Ironically, it is in the conservative Edmund Burke—a severe critic of Britain’s arrogant, paternalistic colonial expansion—that Mehta finds an alternative and more capacious liberal vision. Shedding light on a fundamental tension in liberal theory, Liberalism and Empire reaches beyond post-colonial studies to revise our conception of the grand liberal tradition and the conception of experience with which it is associated.
Uday Singh Mehta, The Anxiety of Freedom: Imagination and Individuality in Locke’s Political Thought (Cornell University Press, 1992).

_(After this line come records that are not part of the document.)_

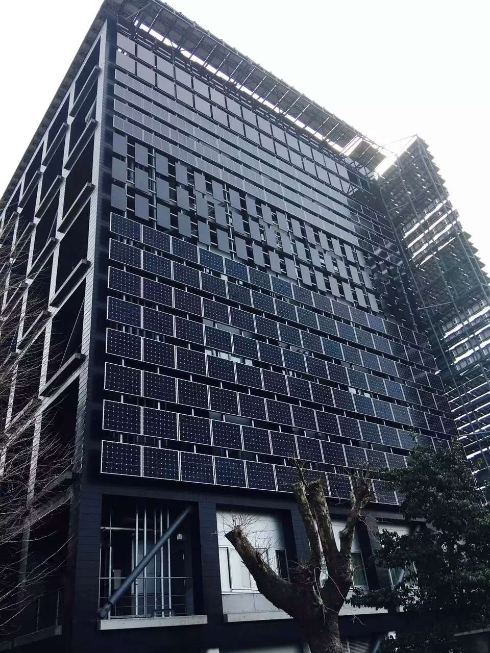 從應用端來說,在日本,你可以很容易就看到單晶光伏電池板出現在各個場合,建筑屋頂、溫室大棚、水面光伏……在政府支持下,日本的分布式光伏這兩年得到極大的發展,單晶電池板的集約、美觀、發電更多等優勢在此意義重大,因而發展迅猛。事實上,日本使用單晶產品的地方真的很多。下圖是東京工業大學混合式光伏建筑,該項目是建于東京工業大學大岡山校區的一座研究設施,地下兩層、地上7層。設計中采用了650kW的太陽能發電及100kW的燃料電池以達到電力自給自足的目的。整座建筑物除了北側以外,其它幾面的外墻都覆蓋了太陽能發電板,電池板也選擇了單晶電池板,以爭取獲得最大發電量。抬眼看,一排排整齊的單晶電池板非常引人注目!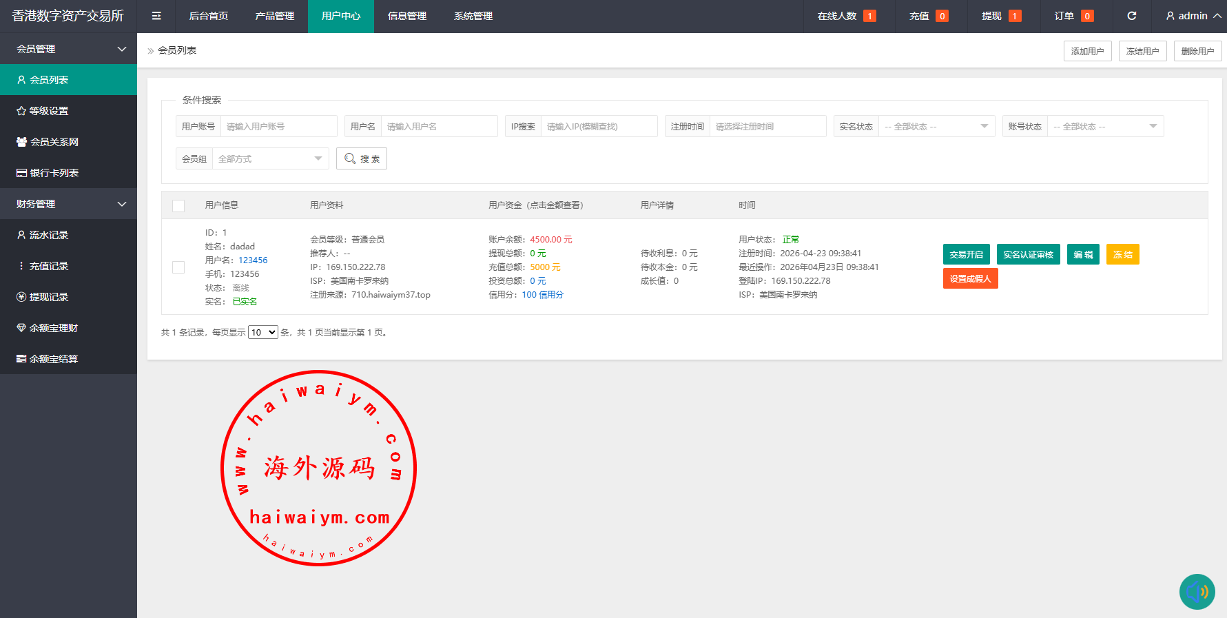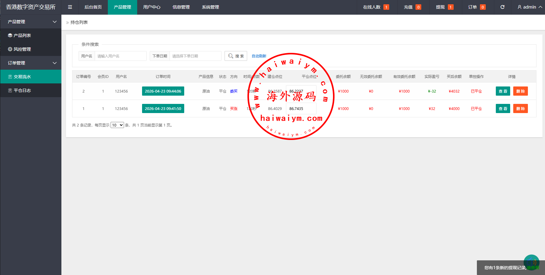 产品后台可随意更改,带委买,信用分,实名认证等功能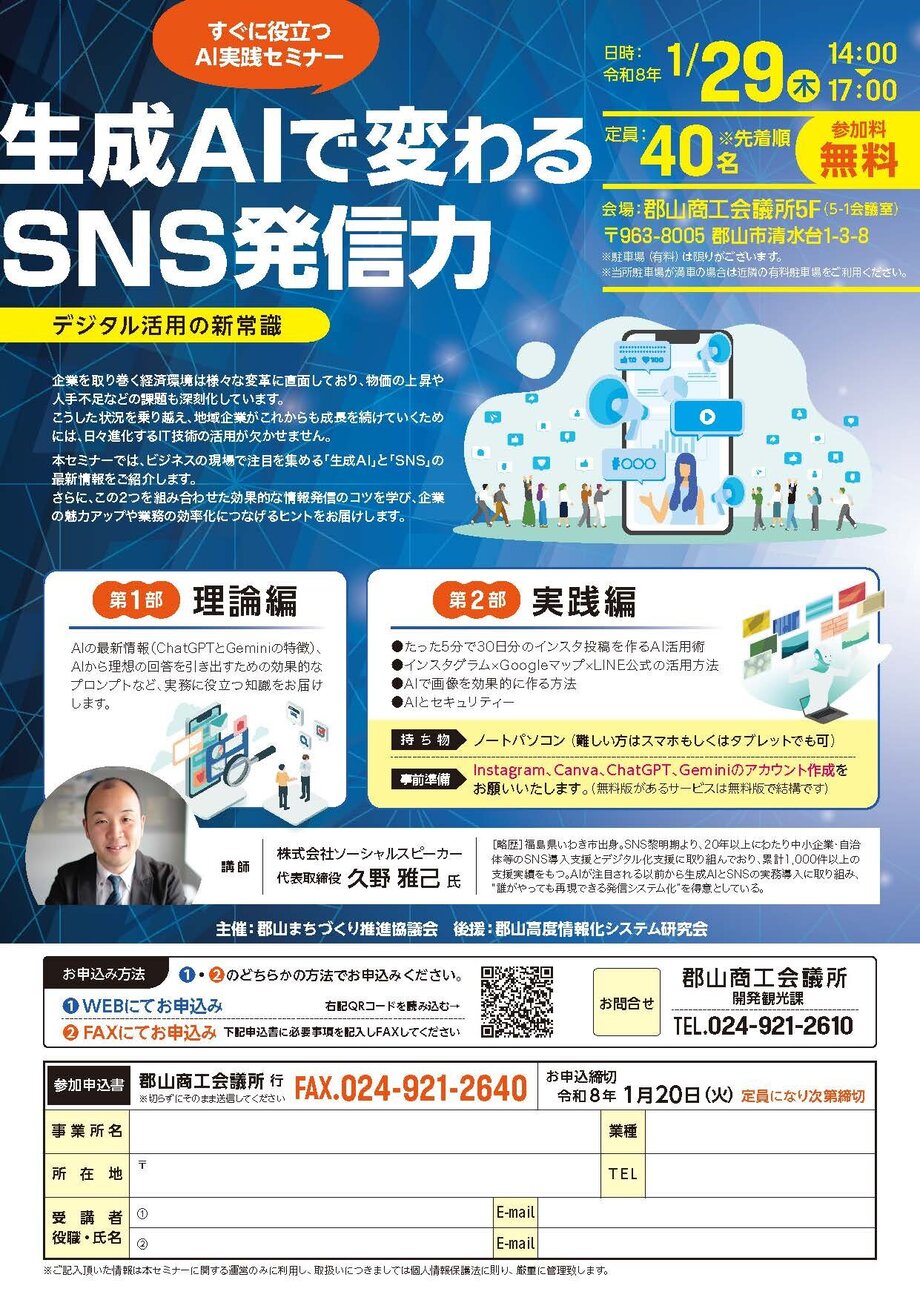 郡山まちづくり推進協議会では、生成AI実践セミナーを開催いたします。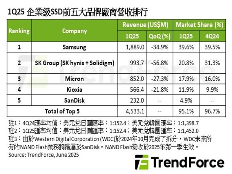 營收第二的SK Group(SK hynix及Solidigm)因主要客戶在AI基礎建設的策略調整,第一季營收衰退超過50%,降至9.9億美元。該公司正加速下一代儲存技術的研發與佈局,並開發新一代PCIe 5.0 TLC及QLC SSD,積極轉型。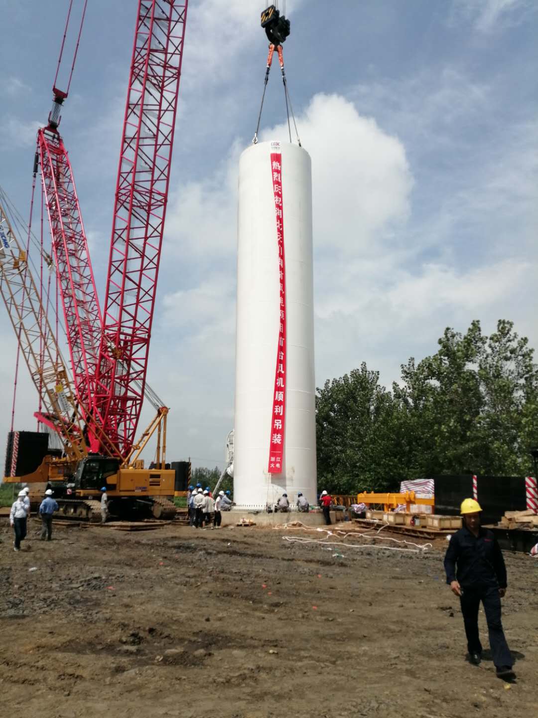 2020年7月29日,四川同創(chuàng)建設(shè)工程管理有限公司在湖北項(xiàng)目的“湖北天門胡市風(fēng)電項(xiàng)目首臺(tái)風(fēng)機(jī)”今天順利完成吊裝任務(wù)!

Against what he describes as the “all but canonical” reading of Locke as a narrowly political theorist, concerned with erecting institutional fences to prevent naturally free, rational, interested individuals from violating one another’s basic rights, Mehta argues cogently (though less originally than he seems to believe) that for Locke the disturbances of the natural condition proceed from a “cognitive” source, the common human propensity for madness, rooted in the natural power and disorderliness of the imagination. Far from presuming the effective naturalness of the rational agency required for membership in political society, Locke regards this quality as a human construction, the product of a “fundamental and massive” pedagogical effort. Recognizing the centrality of Locke’s concern over the mind’s susceptibility to madness, Mehta reads Locke’s political thought in the light of his educational thought; prior to the designing of liberal institutions as the “technology” of designing liberal individuals.
–From Peter C. Myers in the Journal of Politics (May 1994).